Decoupling the roles of Ni and Co in anionic redox activity of Li-rich NMC cathodes.

Li[LixNiyMnzCo1-x-y-z]O2 (lithium-rich NMCs) are benchmark cathode materials receiving considerable attention due to the abnormally high capacities resulting from their anionic redox chemistry. Although their anionic redox mechanisms have been much investigated, the roles of cationic redox processes remain underexplored, hindering further performance improvement. Here we decoupled the effects of nickel and cobalt in lithium-rich NMCs via a comprehensive study of two typical compounds, Li1.2Ni0.2Mn0.6O2 and Li1.2Co0.4Mn0.4O2. We discovered that both Ni3+/4+ and Co4+, generated during cationic redox processes, are actually intermediate species for triggering oxygen redox through a ligand-to-metal charge-transfer process.
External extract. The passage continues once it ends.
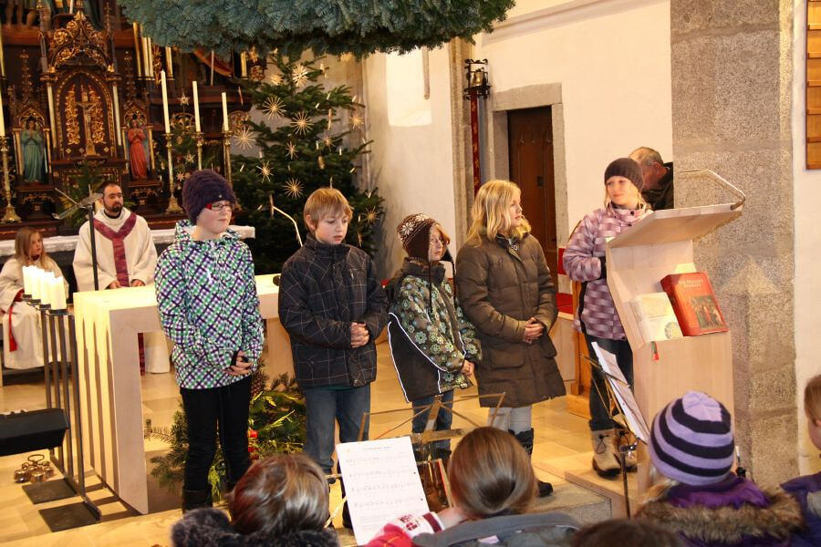 In der Kirche angekommen wurde eine mit Advent- und Weihnachtsliedern gestaltete Schülerrorate gefeiert.

However, cobalt is better than nickel in mediating the kinetics of ligand-to-metal charge transfer by favouring more transition metal migration, leading to less cationic redox but more oxygen redox, more O2 release, poorer cycling performance and more severe voltage decay. Our work highlights a compositional optimization pathway for lithium-rich NMCs by deviating from using cobalt to using nickel, providing valuable guidelines for future high-capacity cathode design.